◆ **INFORMATION PROVIDED**:
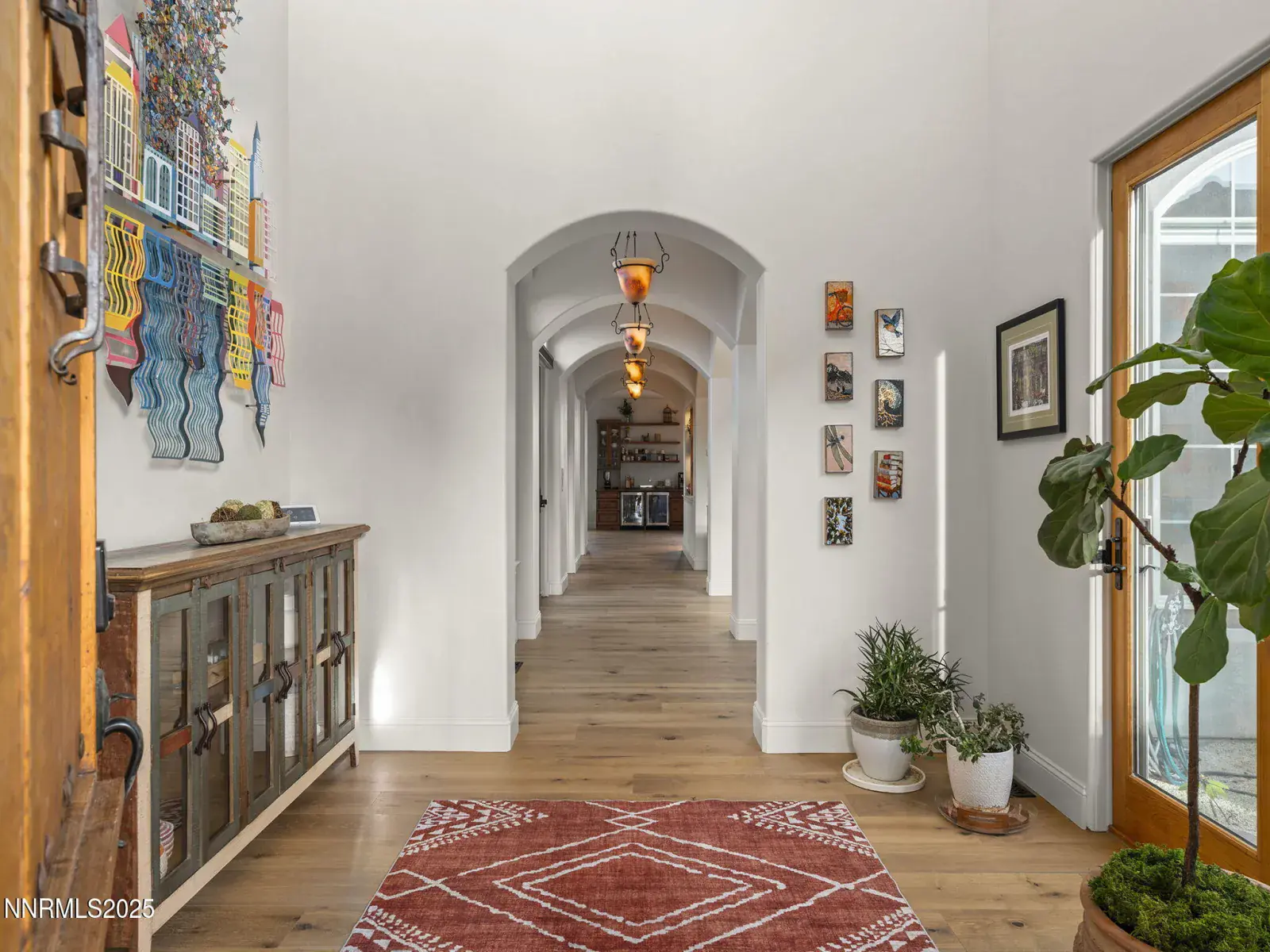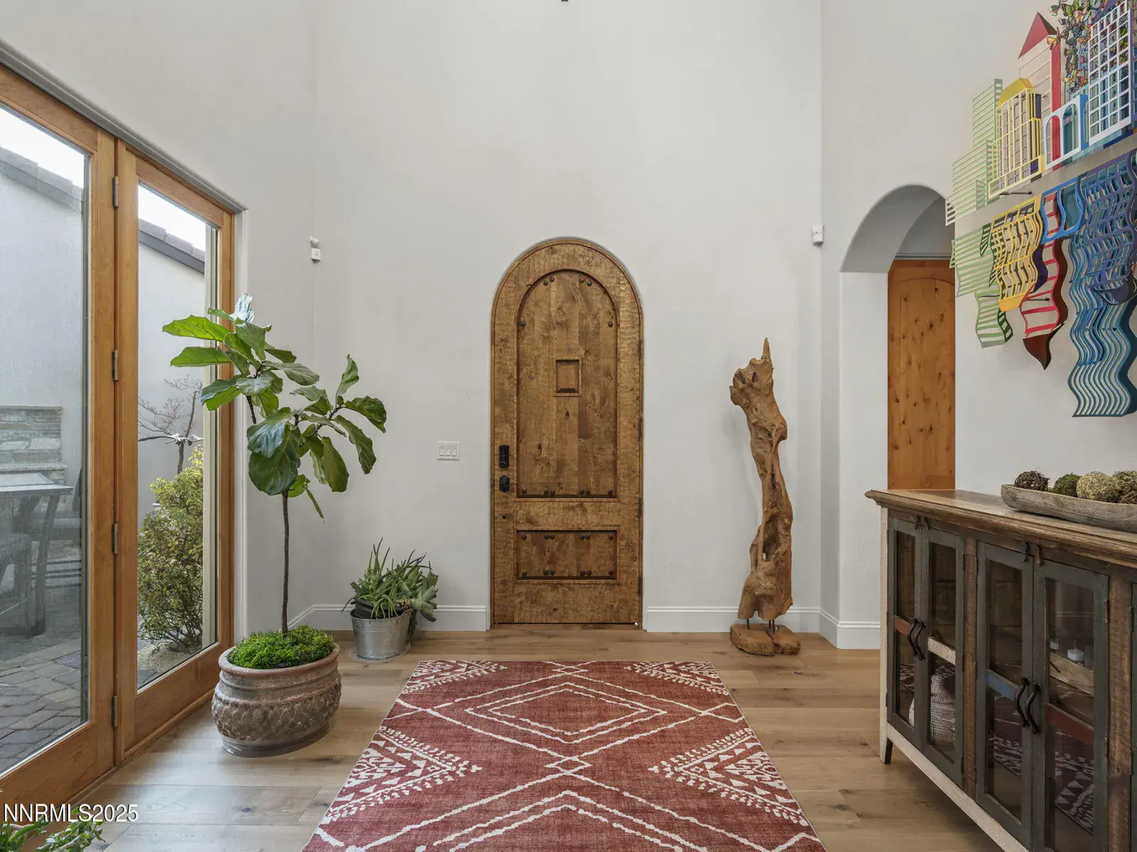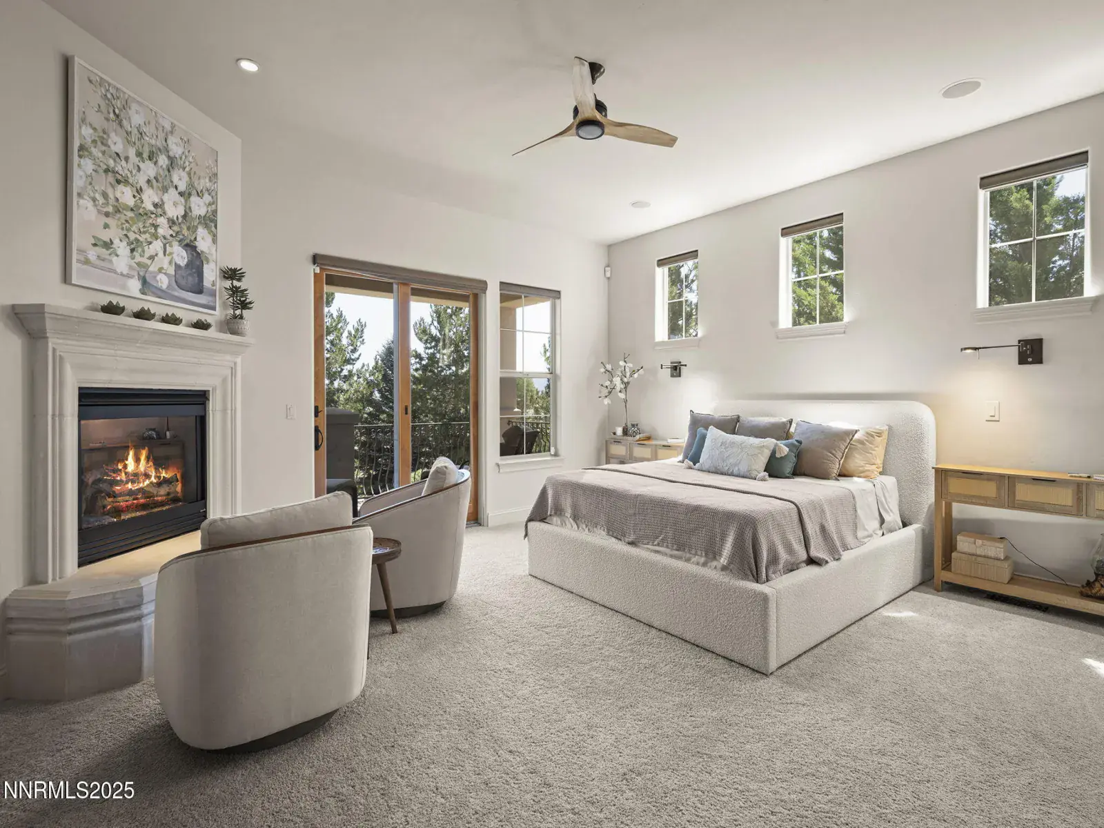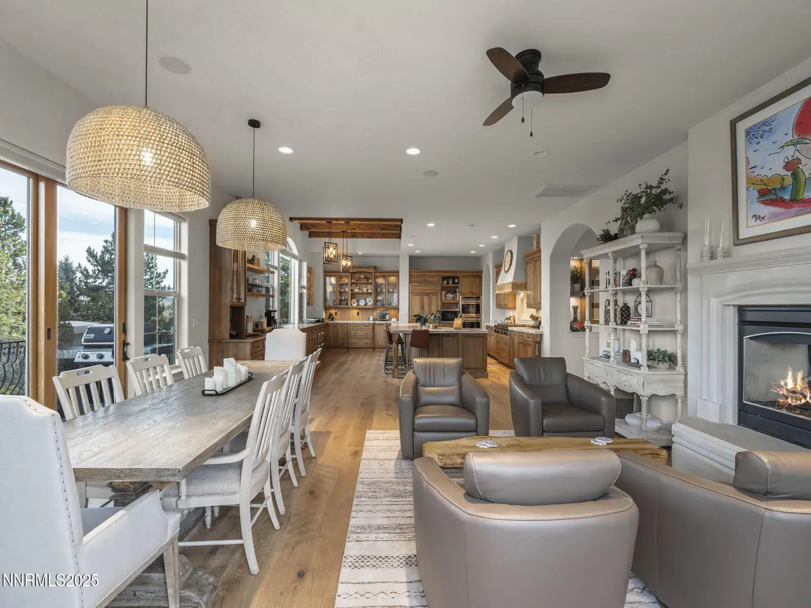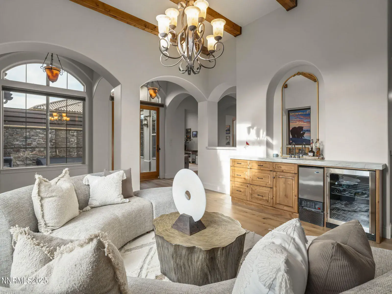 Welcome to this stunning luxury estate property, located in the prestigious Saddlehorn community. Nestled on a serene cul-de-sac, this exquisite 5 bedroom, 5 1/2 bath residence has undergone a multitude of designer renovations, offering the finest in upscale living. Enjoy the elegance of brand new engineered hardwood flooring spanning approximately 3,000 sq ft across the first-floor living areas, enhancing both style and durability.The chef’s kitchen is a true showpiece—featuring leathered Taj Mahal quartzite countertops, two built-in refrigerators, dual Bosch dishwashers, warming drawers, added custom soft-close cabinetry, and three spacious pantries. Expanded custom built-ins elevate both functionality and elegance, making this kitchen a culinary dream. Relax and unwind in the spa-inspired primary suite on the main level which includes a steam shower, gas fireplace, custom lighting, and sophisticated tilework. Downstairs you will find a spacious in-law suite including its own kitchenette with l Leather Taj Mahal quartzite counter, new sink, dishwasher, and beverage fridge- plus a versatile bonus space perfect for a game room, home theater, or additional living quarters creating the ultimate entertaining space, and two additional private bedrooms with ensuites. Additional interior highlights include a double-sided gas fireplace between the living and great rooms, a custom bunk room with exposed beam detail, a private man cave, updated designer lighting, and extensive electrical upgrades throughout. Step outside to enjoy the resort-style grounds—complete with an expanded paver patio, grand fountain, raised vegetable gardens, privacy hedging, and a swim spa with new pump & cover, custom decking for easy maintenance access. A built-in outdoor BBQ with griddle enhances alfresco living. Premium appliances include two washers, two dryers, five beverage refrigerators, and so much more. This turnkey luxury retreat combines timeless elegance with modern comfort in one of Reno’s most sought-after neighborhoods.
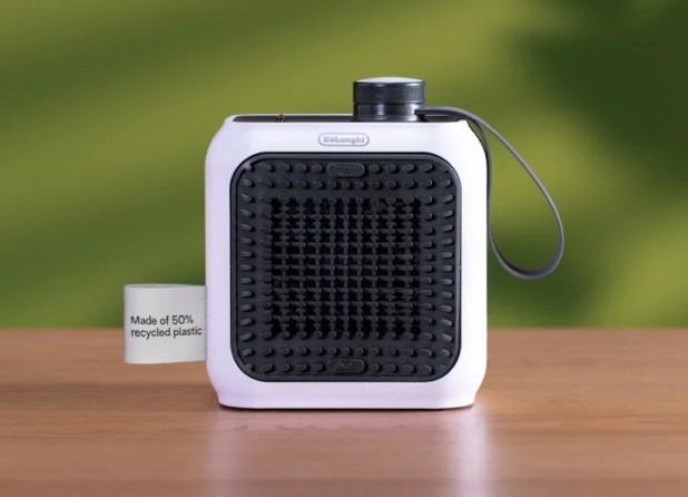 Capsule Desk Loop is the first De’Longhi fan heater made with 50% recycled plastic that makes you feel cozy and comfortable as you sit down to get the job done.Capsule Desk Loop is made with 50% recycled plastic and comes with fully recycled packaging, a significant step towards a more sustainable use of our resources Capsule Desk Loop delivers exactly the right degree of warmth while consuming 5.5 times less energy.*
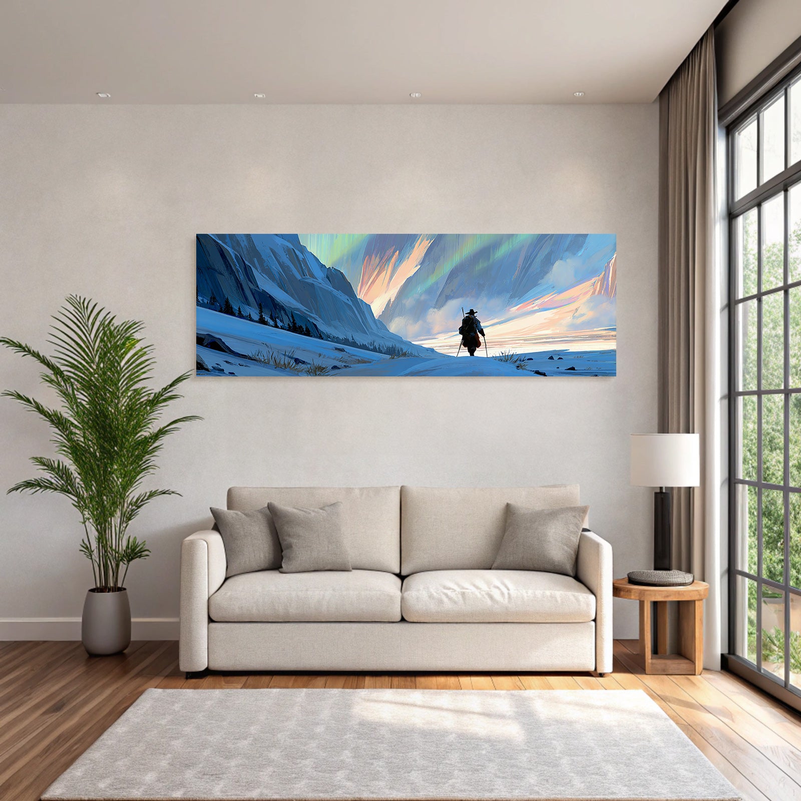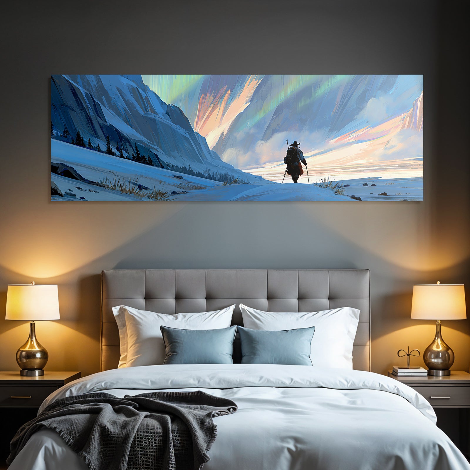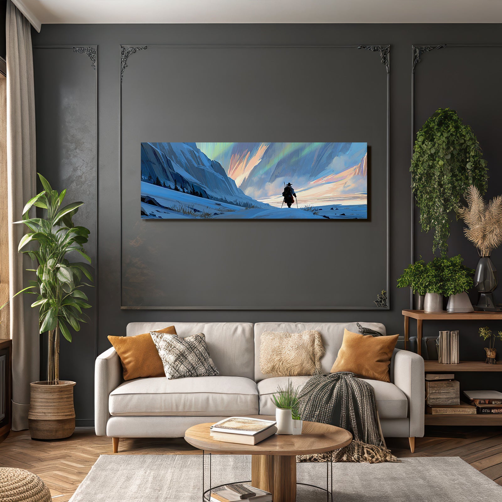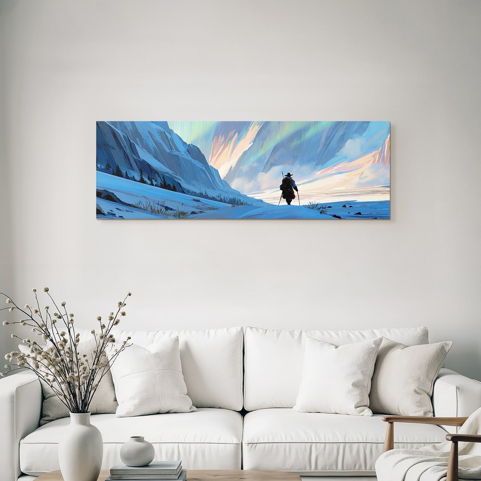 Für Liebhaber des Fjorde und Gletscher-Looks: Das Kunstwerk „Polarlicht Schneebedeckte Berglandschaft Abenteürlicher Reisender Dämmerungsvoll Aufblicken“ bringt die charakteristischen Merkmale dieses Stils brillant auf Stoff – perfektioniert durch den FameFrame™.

◆ **TO DO**:
Go through the listing above and quote it exactly, apart from its images.

◆ **RESULT OF THIS TASK**:
 Welcome to this stunning luxury estate property, located in the prestigious Saddlehorn community. Nestled on a serene cul-de-sac, this exquisite 5 bedroom, 5 1/2 bath residence has undergone a multitude of designer renovations, offering the finest in upscale living. Enjoy the elegance of brand new engineered hardwood flooring spanning approximately 3,000 sq ft across the first-floor living areas, enhancing both style and durability.The chef’s kitchen is a true showpiece—featuring leathered Taj Mahal quartzite countertops, two built-in refrigerators, dual Bosch dishwashers, warming drawers, added custom soft-close cabinetry, and three spacious pantries. Expanded custom built-ins elevate both functionality and elegance, making this kitchen a culinary dream. Relax and unwind in the spa-inspired primary suite on the main level which includes a steam shower, gas fireplace, custom lighting, and sophisticated tilework. Downstairs you will find a spacious in-law suite including its own kitchenette with l Leather Taj Mahal quartzite counter, new sink, dishwasher, and beverage fridge- plus a versatile bonus space perfect for a game room, home theater, or additional living quarters creating the ultimate entertaining space, and two additional private bedrooms with ensuites. Additional interior highlights include a double-sided gas fireplace between the living and great rooms, a custom bunk room with exposed beam detail, a private man cave, updated designer lighting, and extensive electrical upgrades throughout. Step outside to enjoy the resort-style grounds—complete with an expanded paver patio, grand fountain, raised vegetable gardens, privacy hedging, and a swim spa with new pump & cover, custom decking for easy maintenance access. A built-in outdoor BBQ with griddle enhances alfresco living. Premium appliances include two washers, two dryers, five beverage refrigerators, and so much more. This turnkey luxury retreat combines timeless elegance with modern comfort in one of Reno’s most sought-after neighborhoods.
 Capsule Desk Loop is the first De’Longhi fan heater made with 50% recycled plastic that makes you feel cozy and comfortable as you sit down to get the job done.Capsule Desk Loop is made with 50% recycled plastic and comes with fully recycled packaging, a significant step towards a more sustainable use of our resources Capsule Desk Loop delivers exactly the right degree of warmth while consuming 5.5 times less energy.*
 Für Liebhaber des Fjorde und Gletscher-Looks: Das Kunstwerk „Polarlicht Schneebedeckte Berglandschaft Abenteürlicher Reisender Dämmerungsvoll Aufblicken“ bringt die charakteristischen Merkmale dieses Stils brillant auf Stoff – perfektioniert durch den FameFrame™.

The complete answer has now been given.